Analysis by TEM showed that VZV virions were abundant in skin sections infected with rOka (Fig. 4E). The virions were located in clusters near the outer plasma membrane and were 150 to 200 nm in diameter. Most virions were complete, having both capsid and envelope structures (Fig. 4E, arrows). In contrast, very few cells contained virions in skin xenografts infected with rOka47D-N (Fig. 4F, arrows). Further, when virions were found, they were fewer in number than those observed in rOka-infected skin cells. For example, the number of rOka47D-N particles was 45, whereas 240 rOka particles were detected per micrograph (60 µm2). In addition, most rOka47D-N virions were slightly smaller compared to rOka virions. The difference in virion size appeared to be due to incomplete envelopment of rOka47D-N virions. No virions were identified in skin sections from rOka47{Delta}C-infected or mock-infected xenografts evaluated by TEM (data not shown).
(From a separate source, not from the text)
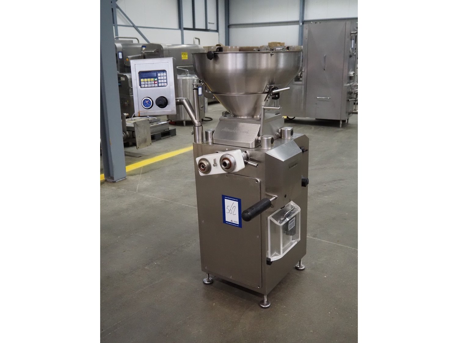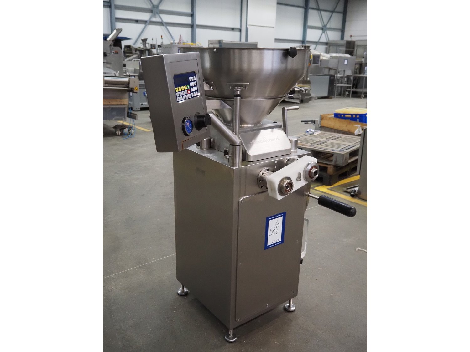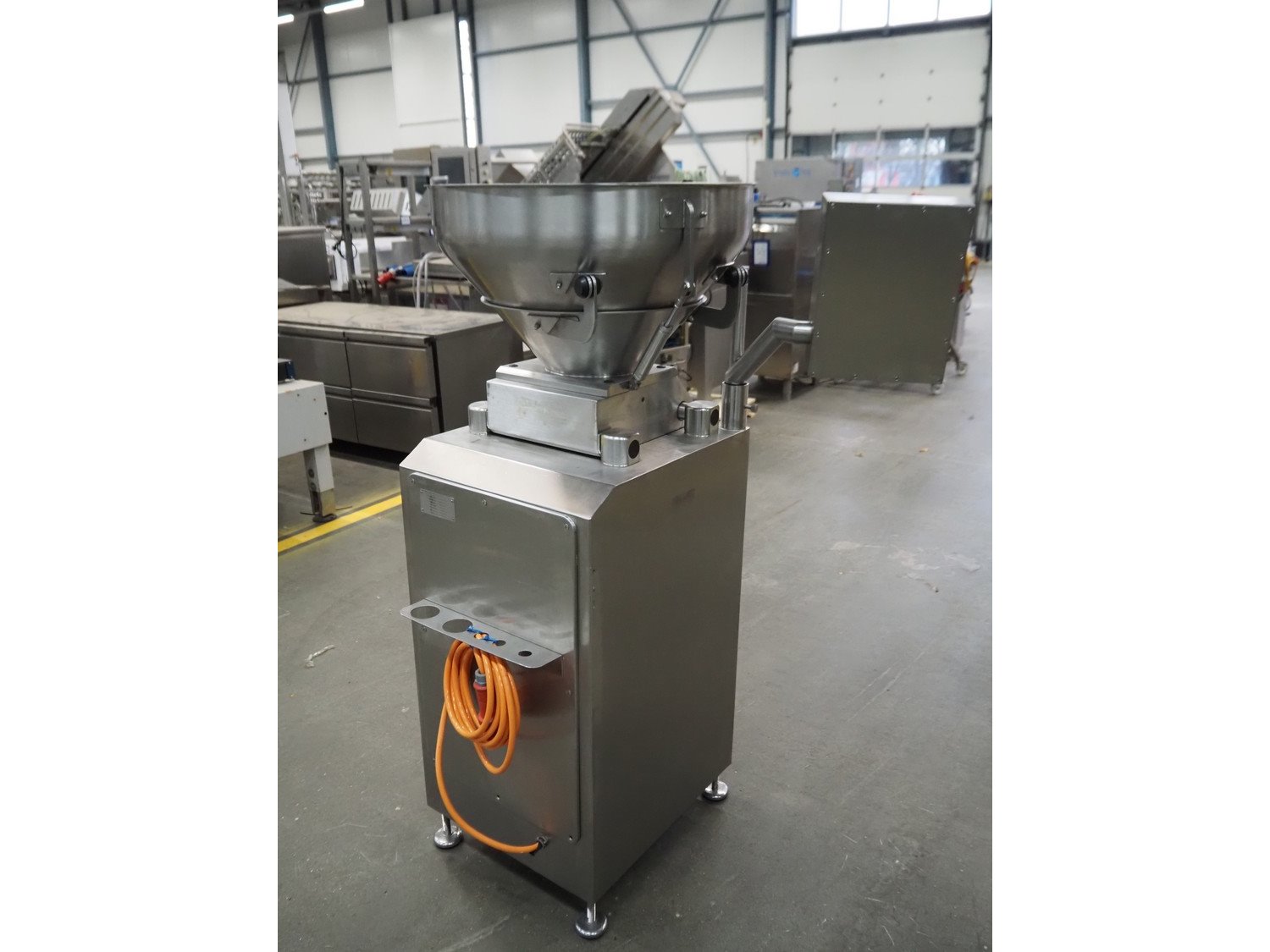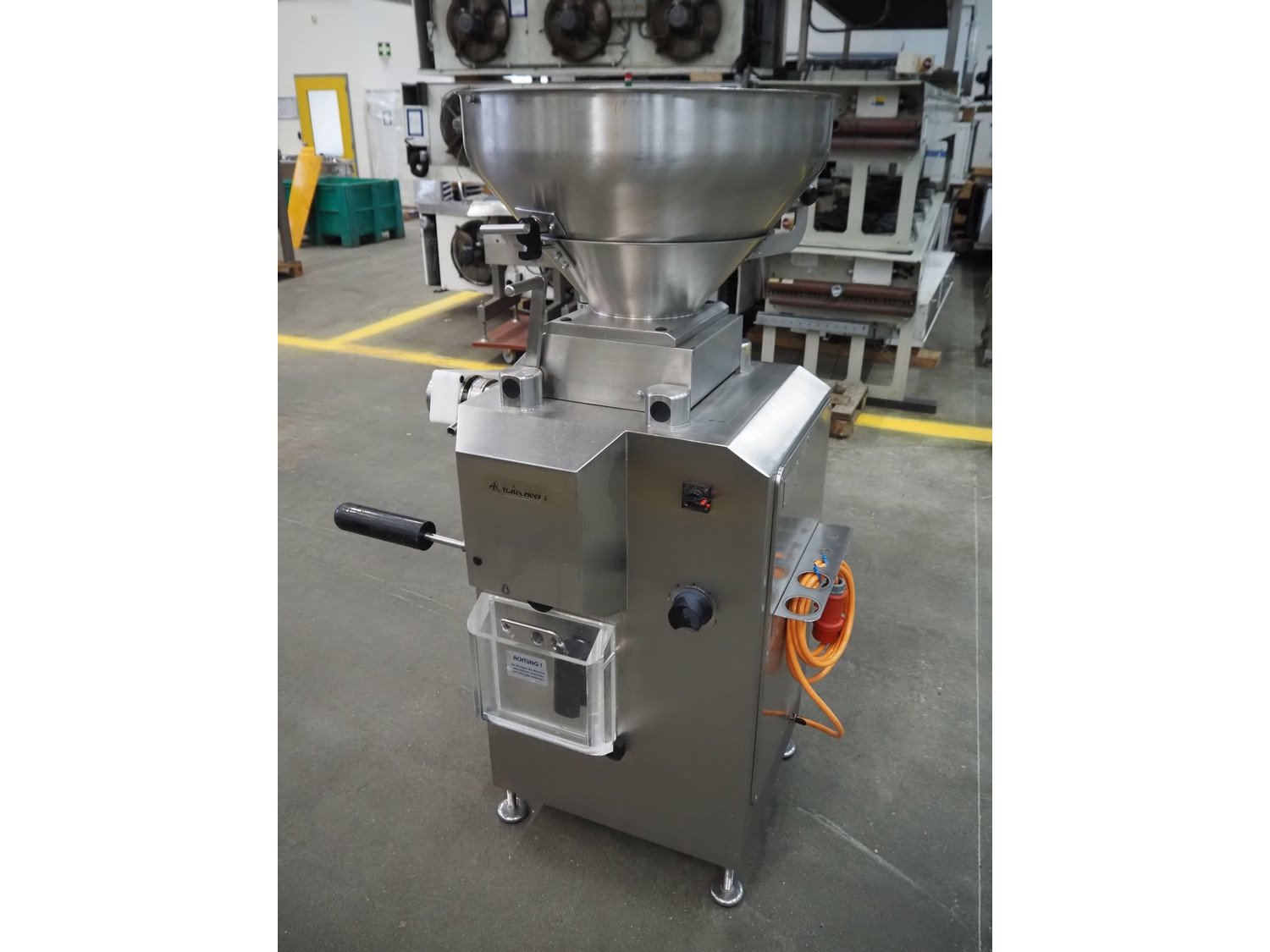 Alexanderwerk vacuum filling machine with linking attachment, type: NFV 50, machine number: 04708664, 230/400 V, 50 Hz, 6.9 A, 3 kW, Rietschle vacuum pump, type: VCB-20, capacity: 20/24 m³ per hour, dimensions: 750 mm x 600 mm x 1600 mm.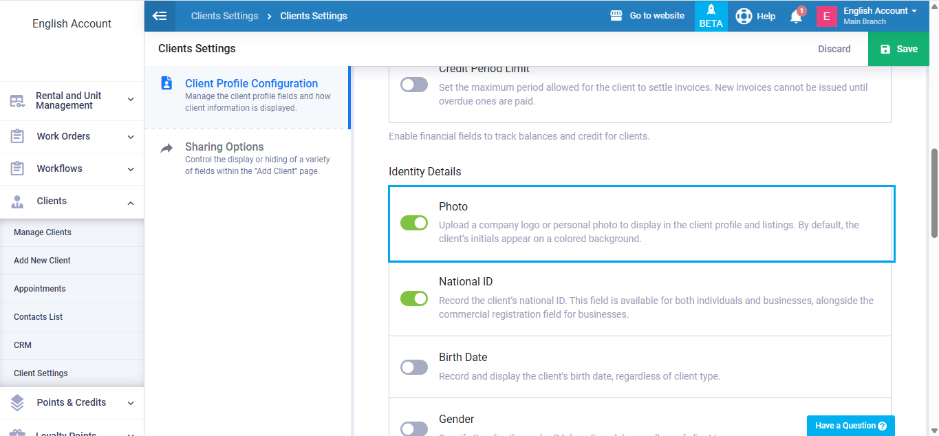 In the system, you can add either an individual or a business client. Consequently, you might need to distinguish clients through personal photos or companies through company logos, and in both cases, the steps are the same whether it is a personal photo or a logo.

Effects of blocking ORF47 kinase activity on gE and gI in vitro. Our previous experiments showed that ORF47 protein and kinase-defective ORF47 proteins bind to the major transactivator, the IE62 protein, and that ORF47-ORF47 binding persists in the absence of autophosphorylation (3). In order to further investigate the consequences of blocking ORF47 kinase activity, we examined the effects on gE. Melanoma cells were infected with rOka, rOka47{Delta}C, or rOka47D-N; cell lysates were prepared, and ORF47 protein and associated proteins were precipitated with ORF47 antiserum. Complex formation between ORF47 and gE proteins was detected by Western blotting in cells infected with rOka, rOka47{Delta}C, and rOka47D-N (Fig. 5). No complex formation occurred in cells infected with ROKA47S, which expresses only the first 165 amino acids of ORF47 protein due to the insertion of a stop codon (12). As in the case of ORF47-IE62 protein interactions, ORF47 protein binding to gE was mediated by the N-terminal portion of the protein and was independent of ORF47 kinase activity.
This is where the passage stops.